El legado

Vivimos tiempos convulsos. La humanidad se enfrenta a una revolución sin precedentes, la biotecnología y la tecnología de la información han revolucionado nuestra manera de concebir el mundo y de relacionarnos y, sin embargo, cada treinta días sigo teniendo que teñirme las raíces para no parecer un oso panda. Porque los problemas importantes siguen ahí.

La inteligencia artificial está a un paso de sustituir al individuo como unidad de producción y los tomates ya no saben como en aquel verano en el que se levantó el pastel de mili vanilli. Creíamos que el proceso empezaría por las profesiones que requieren menor nivel formativo, pero no es así: los médicos y los abogados se encuentran entre las profesiones más amenazadas por la irrupción de los robots, porque los hombres no podemos interconectarnos, pero las máquinas sí, de modo que el hombre en realidad no ha de ser comparado con un único robot sino con un sistema de información que se alimenta constantemente con nuevos algoritmos y aprende de los errores. Así que el relato liberal ya no sirve, ya no podemos decir a nuestros hijos, haz lo que te haga feliz siempre que sea ser odontólogo con consulta propia. Pero entonces, ¿Para qué les preparamos? ¿Debemos tomar cartas en el asunto si el niño quiere ser random performer? No sabe uno ni con qué angustiarse. Sólo hay dos constantes: el cambio y el reguetón.

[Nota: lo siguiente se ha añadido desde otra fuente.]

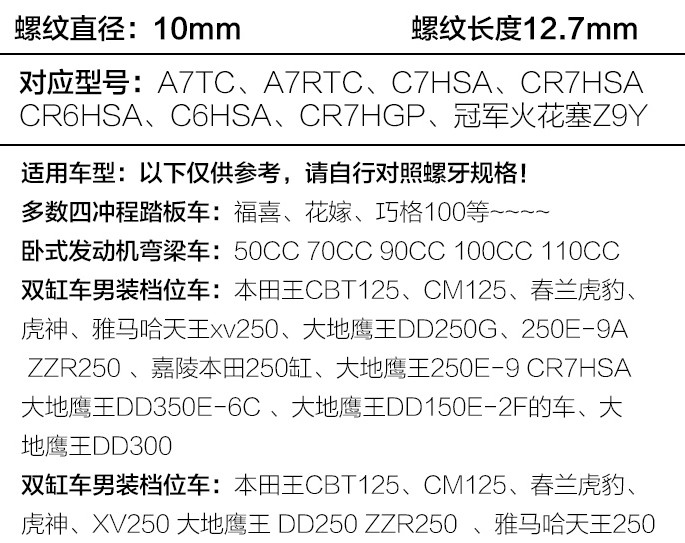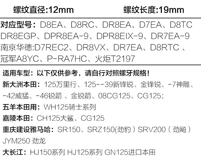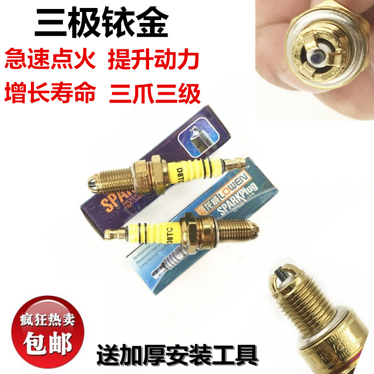 Locomotive spark plug three-pole three-jaw iridium spark plug 70 90 110 125 150 curved beam pedal
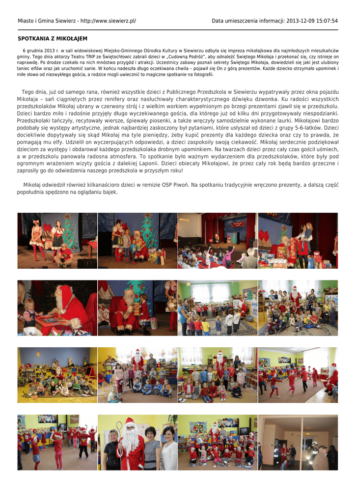 Miasto i Gmina Siewierz - http://www.siewierz.pl/ Data umieszczenia informacji: 2013-12-09 15:07:54 SPOTKANIA Z MIKOŁAJEM 6 grudnia 2013 r. w sali widowiskowej Miejsko-Gminnego Ośrodka Kultury w Siewierzu odbyła się impreza mikołajkowa dla najmłodszych mieszkańców gminy. Tego dnia aktorzy Teatru TRIP ze Świętochłowic zabrali dzieci w „Cudowną Podróż”, aby odnaleźć Świętego Mikołaja i przekonać się, czy istnieje on naprawdę. Po drodze czekało na nich mnóstwo przygód i atrakcji. Uczestnicy zabawy poznali sekrety Świętego Mikołaja, dowiedzieli się jaki jest ulubiony taniec elfów oraz jak uruchomić sanie. W końcu nadeszła długo oczekiwana chwila – pojawił się On z górą prezentów. Każde dziecko otrzymało upominek i miłe słowo od niezwykłego gościa, a rodzice mogli uwiecznić to magiczne spotkanie na fotografii. Tego dnia, już od samego rana, również wszystkie dzieci z Publicznego Przedszkola w Siewierzu wypatrywały przez okna pojazdu Mikołaja – sań ciągniętych przez renifery oraz nasłuchiwały charakterystycznego dźwięku dzwonka. Ku radości wszystkich przedszkolaków Mikołaj ubrany w czerwony strój i z wielkim workiem wypełnionym po brzegi prezentami zjawił się w przedszkolu. Dzieci bardzo miło i radośnie przyjęły długo wyczekiwanego gościa, dla którego już od kilku dni przygotowywały niespodzianki. Przedszkolaki tańczyły, recytowały wiersze, śpiewały piosenki, a także wręczyły samodzielnie wykonane laurki. Mikołajowi bardzo podobały się występy artystyczne, jednak najbardziej zaskoczony był pytaniami, które usłyszał od dzieci z grupy 5-6-latków. Dzieci dociekliwie dopytywały się skąd Mikołaj ma tyle pieniędzy, żeby kupić prezenty dla każdego dziecka oraz czy to prawda, że pomagają mu elfy. Udzielił on wyczerpujących odpowiedzi, a dzieci zaspokoiły swoją ciekawość. Mikołaj serdecznie podziękował dzieciom za występy i obdarował każdego przedszkolaka drobnym upominkiem. Na twarzach dzieci przez cały czas gościł uśmiech, a w przedszkolu panowała radosna atmosfera. To spotkanie było ważnym wydarzeniem dla przedszkolaków, które były pod ogromnym wrażeniem wizyty gościa z dalekiej Laponii. Dzieci obiecały Mikołajowi, że przez cały rok będą bardzo grzeczne i zaprosiły go do odwiedzenia naszego przedszkola w przyszłym roku! Mikołaj odwiedził również kilkanaścioro dzieci w remizie OSP Piwoń. Na spotkaniu tradycyjnie wręczono prezenty, a dalszą część popołudnia spędzono na oglądaniu bajek. Urząd Miasta i Gminy Siewierz, 42-470 Siewierz, ul. Żwirki i WIgury 16, tel. 32 64 99 400, e-mail: [email protected] Burmistrz Miasta i Gminy Siewierz mgr Zdzisław Banaś

Nuestros hijos serán gamificadores o ciberasesores, eso en el mejor de los casos, si no mueren antes ahogados por la crecida de las aguas, en cuyo caso más les hubieran valido la certificación padi, en lugar de tanto ajedrez.
Tampoco el inglés es garantía de nada, parece que en pocos años con la nueva app de google translate podrán conversar con perfecto acento británico incluso si nunca han aprobado el spelling. Es difícil acertar con la educación, a veces pienso que el mejor legado que les voy a dejar no será mi fascinación por el periodo de entreguerras sino unos trucos que me sé para crear contraseñas fuertes y seguras.

Los centros tampoco ayudan, por mucho que un sistema anime a nuestros hijos a pensar por si mismos, la profesora, en los descansos, se esconde para googlear alguna pincelada de lo siguiente que le toca contar. La inmediatez es la norma y padres e hijos comparten el mismo desconcierto ante lo que viene, que no sabemos lo que es, pero viene muy deprisa.

En este mundo de oscuridad y fake news, es difícil agarrarse a algo. La religión ha abandonado al hombre moderno, entendiendo como hombre moderno el que se sitúa entre la declaración del Fukuyama del fin de la historia y el baile de Rosalía en los MTV Awards. La secularización es irreversible y nos deja sin consuelo ante la futilidad de nuestra existencia ¿Podemos decir que el hombre es esencia en sí mismo o más bien que está al servicio de la esencia del universo? ¿Es Dios, o la imagen que tenemos de Dios, el grito del Hombre en la tierra? Aunque pueda parecer contradictorio, estas preguntas no quedan resueltas en ninguna de las pantallas de la Nintendo Switch. En este contexto, tampoco el pulpo Paul constituye un pilar al que asirse. El desconcierto, por lo tanto, también abarca lo espiritual y constituye por desgracia, la base misma del legado que recibirán nuestros hijos.
Desde una perspectiva cósmica, nos movemos en arenas movedizas, atormentados por nuestras propias contradicciones. Pregonamos la igualdad, pero no queremos renunciar a nuestros privilegios raciales, nacionales o de género. Nos ponemos minifalda, a sabiendas de que a partir de los 30 ya no queda igual.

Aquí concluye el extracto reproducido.